____ Given data
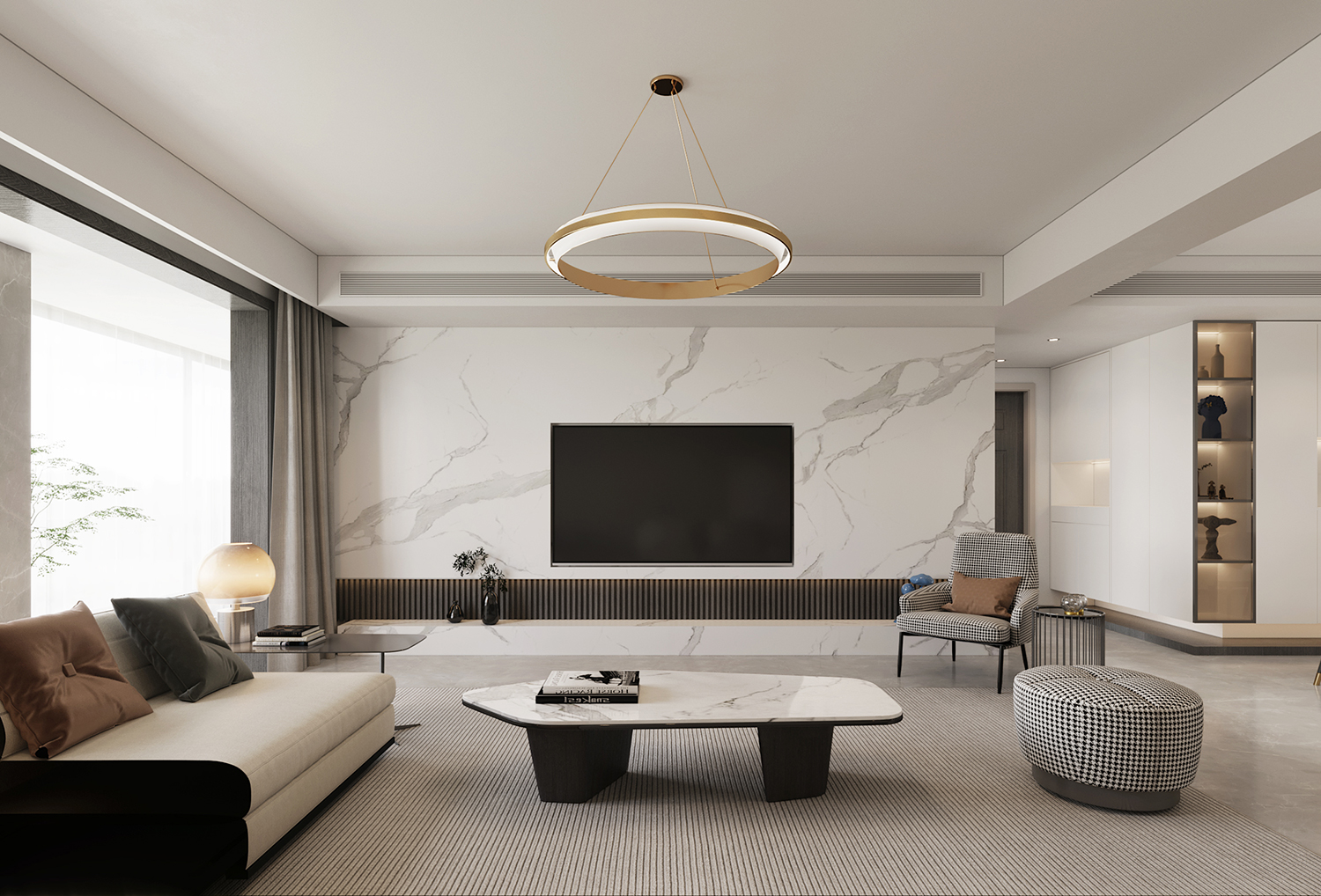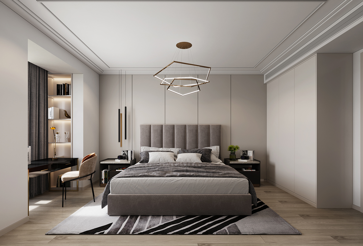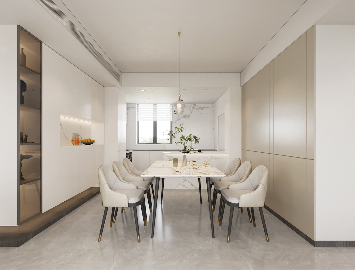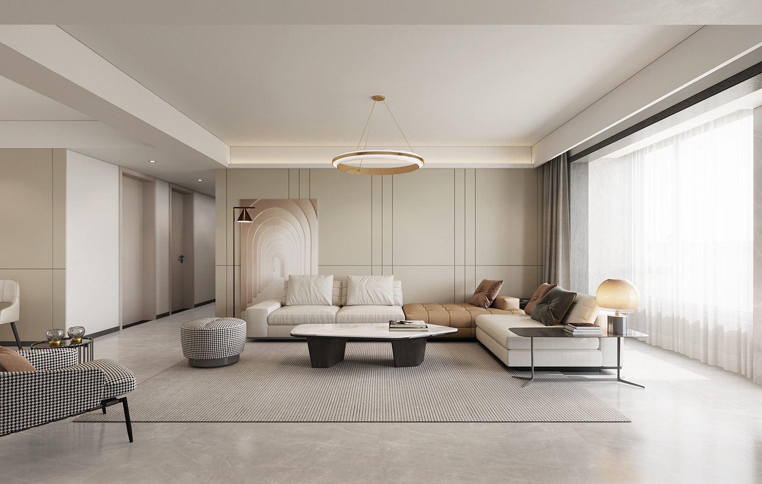 設(shè)計(jì)理念:本案地面采用灰色柔光大板瓷磚鋪貼,讓空間顯得更加純粹且寬敞。超大的開間給予居住者開闊的視覺體驗(yàn),搭配現(xiàn)代主義的家居配飾,整體氛圍簡約而時(shí)尚。
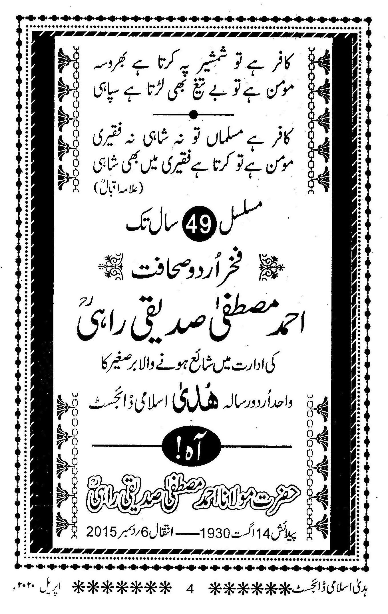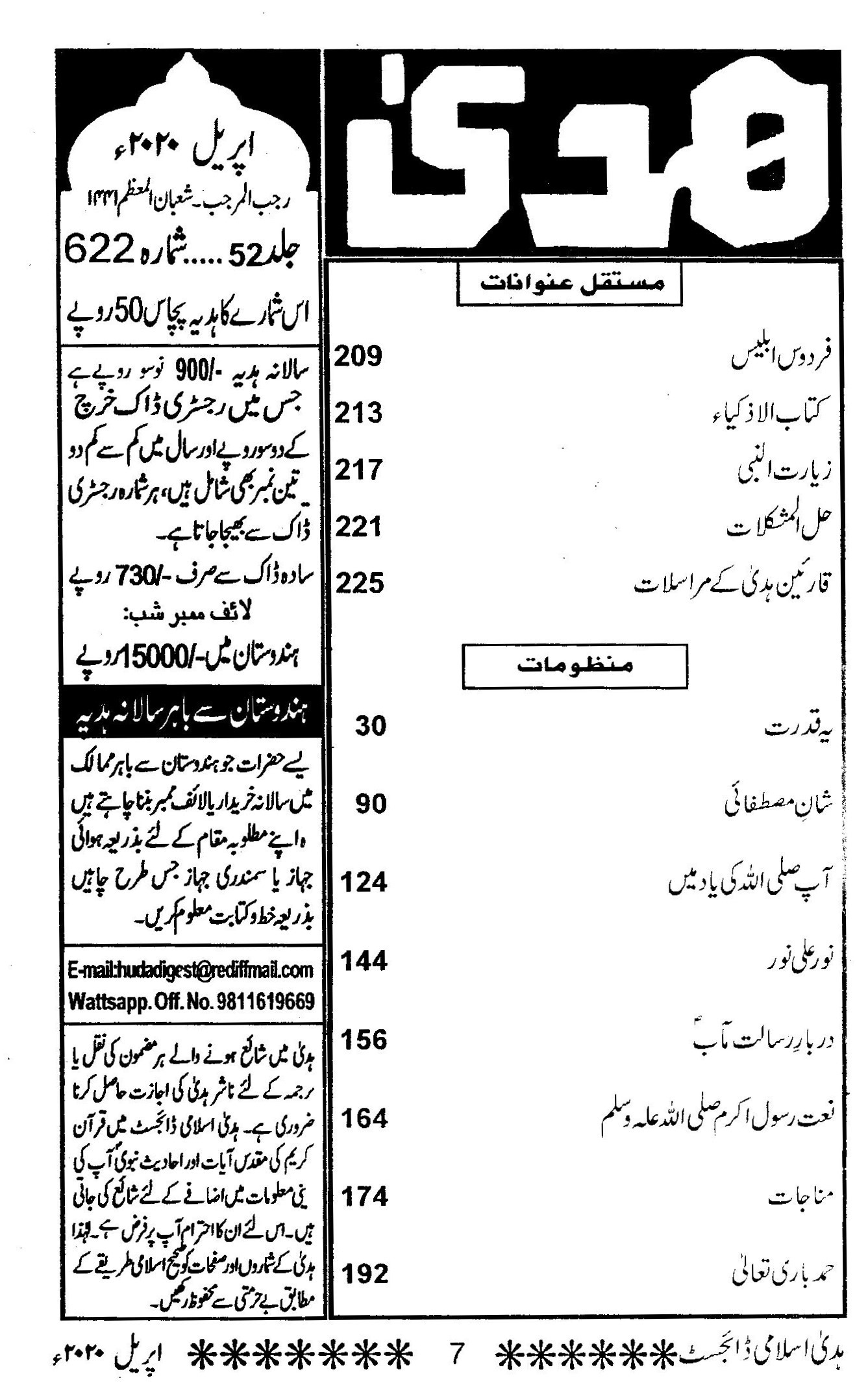 Huda Islamic Digest April 2020 – RajabShabaan – 1441 Hijri
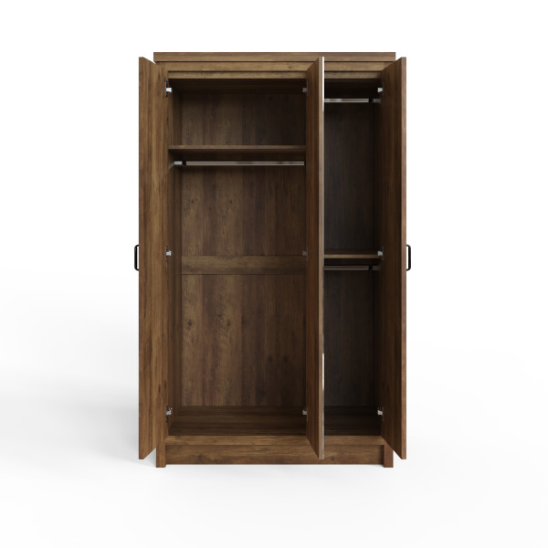 Bring character and practicality to your bedroom with the Boston 3 Door Mirrored Wardrobe. With its striking panelled doors, matt black handles, and full-length centre mirror, this wardrobe balances rustic warmth with a modern industrial edge.Crafted in a textured wood-effect finish, the Boston wardrobe is available in Knotty Oak or Grey, making it easy to match with both contemporary and traditional spaces. Behind the three doors, you’ll find a spacious interior featuring a hanging rail and internal shelving—perfect for organising clothing, shoes, and accessories.
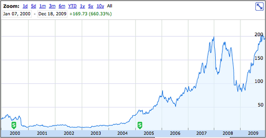 2008年,苹果的未来再次遭受分析人士的怀疑,担心消费者负买不起iPhone、iPod或Macintosh等苹果的产品。不过事实证明这一切的忧虑是多余的,在2000年代的10年里苹果股价再次增长了660.33%。
________
# Work instruction
Output, exactly as written, only the lines from the beginning of the listing through the line containing "Huda Islamic Digest", both included, and no pictures.

# Solution for this exercise
 設(shè)計(jì)理念:本案地面采用灰色柔光大板瓷磚鋪貼,讓空間顯得更加純粹且寬敞。超大的開間給予居住者開闊的視覺體驗(yàn),搭配現(xiàn)代主義的家居配飾,整體氛圍簡約而時(shí)尚。
 Huda Islamic Digest April 2020 – RajabShabaan – 1441 Hijri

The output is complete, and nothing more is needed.